EXERCISE BRIEF:
In the records below, find the line containing "Elegant and chic"; give it again exactly, along with every line that follows, and nothing else.

[Records from a dataset]
+ + +

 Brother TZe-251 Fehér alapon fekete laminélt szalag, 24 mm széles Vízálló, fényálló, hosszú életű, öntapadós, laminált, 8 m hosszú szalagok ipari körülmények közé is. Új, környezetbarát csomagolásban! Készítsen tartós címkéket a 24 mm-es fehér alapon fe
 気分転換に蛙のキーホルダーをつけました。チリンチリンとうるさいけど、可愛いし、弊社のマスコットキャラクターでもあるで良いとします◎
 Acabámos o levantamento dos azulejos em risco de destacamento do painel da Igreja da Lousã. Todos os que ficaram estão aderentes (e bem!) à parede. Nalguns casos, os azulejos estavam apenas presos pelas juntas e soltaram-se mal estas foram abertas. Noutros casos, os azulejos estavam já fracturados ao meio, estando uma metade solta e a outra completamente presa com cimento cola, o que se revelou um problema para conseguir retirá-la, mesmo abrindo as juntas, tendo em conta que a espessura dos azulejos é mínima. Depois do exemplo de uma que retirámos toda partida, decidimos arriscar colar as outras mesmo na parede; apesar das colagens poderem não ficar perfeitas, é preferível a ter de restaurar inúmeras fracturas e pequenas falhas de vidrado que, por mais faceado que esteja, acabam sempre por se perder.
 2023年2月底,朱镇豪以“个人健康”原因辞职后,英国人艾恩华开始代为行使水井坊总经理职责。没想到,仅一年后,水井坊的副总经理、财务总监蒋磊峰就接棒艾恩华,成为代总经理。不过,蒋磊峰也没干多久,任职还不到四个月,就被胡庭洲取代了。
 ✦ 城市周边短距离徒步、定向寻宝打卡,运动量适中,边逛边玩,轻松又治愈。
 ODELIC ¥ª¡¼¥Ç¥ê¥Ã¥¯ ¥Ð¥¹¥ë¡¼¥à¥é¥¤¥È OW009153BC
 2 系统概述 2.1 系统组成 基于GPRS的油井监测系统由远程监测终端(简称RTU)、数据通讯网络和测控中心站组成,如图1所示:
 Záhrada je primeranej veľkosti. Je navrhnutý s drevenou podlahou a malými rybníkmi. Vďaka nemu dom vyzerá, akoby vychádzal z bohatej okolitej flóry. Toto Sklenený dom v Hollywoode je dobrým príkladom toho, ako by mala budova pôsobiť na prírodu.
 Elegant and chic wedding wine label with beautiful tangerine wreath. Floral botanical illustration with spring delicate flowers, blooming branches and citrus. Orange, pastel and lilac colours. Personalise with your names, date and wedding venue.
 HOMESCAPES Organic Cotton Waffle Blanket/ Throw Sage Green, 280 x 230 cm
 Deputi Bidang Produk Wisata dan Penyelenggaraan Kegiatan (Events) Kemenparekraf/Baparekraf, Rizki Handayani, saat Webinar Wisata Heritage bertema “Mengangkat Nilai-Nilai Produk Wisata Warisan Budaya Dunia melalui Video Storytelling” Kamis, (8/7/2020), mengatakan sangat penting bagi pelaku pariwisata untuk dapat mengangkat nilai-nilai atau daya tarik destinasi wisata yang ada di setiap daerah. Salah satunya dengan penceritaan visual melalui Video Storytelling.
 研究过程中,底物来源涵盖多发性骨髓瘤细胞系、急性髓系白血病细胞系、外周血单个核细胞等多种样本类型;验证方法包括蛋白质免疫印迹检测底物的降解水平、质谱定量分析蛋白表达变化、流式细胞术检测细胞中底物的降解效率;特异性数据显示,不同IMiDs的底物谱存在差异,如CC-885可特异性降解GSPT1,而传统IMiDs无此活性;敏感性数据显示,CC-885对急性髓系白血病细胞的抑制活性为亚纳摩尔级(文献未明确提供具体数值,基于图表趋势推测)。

+ + +

ANSWER BOX:
 Elegant and chic wedding wine label with beautiful tangerine wreath. Floral botanical illustration with spring delicate flowers, blooming branches and citrus. Orange, pastel and lilac colours. Personalise with your names, date and wedding venue.
 HOMESCAPES Organic Cotton Waffle Blanket/ Throw Sage Green, 280 x 230 cm
 Deputi Bidang Produk Wisata dan Penyelenggaraan Kegiatan (Events) Kemenparekraf/Baparekraf, Rizki Handayani, saat Webinar Wisata Heritage bertema “Mengangkat Nilai-Nilai Produk Wisata Warisan Budaya Dunia melalui Video Storytelling” Kamis, (8/7/2020), mengatakan sangat penting bagi pelaku pariwisata untuk dapat mengangkat nilai-nilai atau daya tarik destinasi wisata yang ada di setiap daerah. Salah satunya dengan penceritaan visual melalui Video Storytelling.
 研究过程中,底物来源涵盖多发性骨髓瘤细胞系、急性髓系白血病细胞系、外周血单个核细胞等多种样本类型;验证方法包括蛋白质免疫印迹检测底物的降解水平、质谱定量分析蛋白表达变化、流式细胞术检测细胞中底物的降解效率;特异性数据显示,不同IMiDs的底物谱存在差异,如CC-885可特异性降解GSPT1,而传统IMiDs无此活性;敏感性数据显示,CC-885对急性髓系白血病细胞的抑制活性为亚纳摩尔级(文献未明确提供具体数值,基于图表趋势推测)。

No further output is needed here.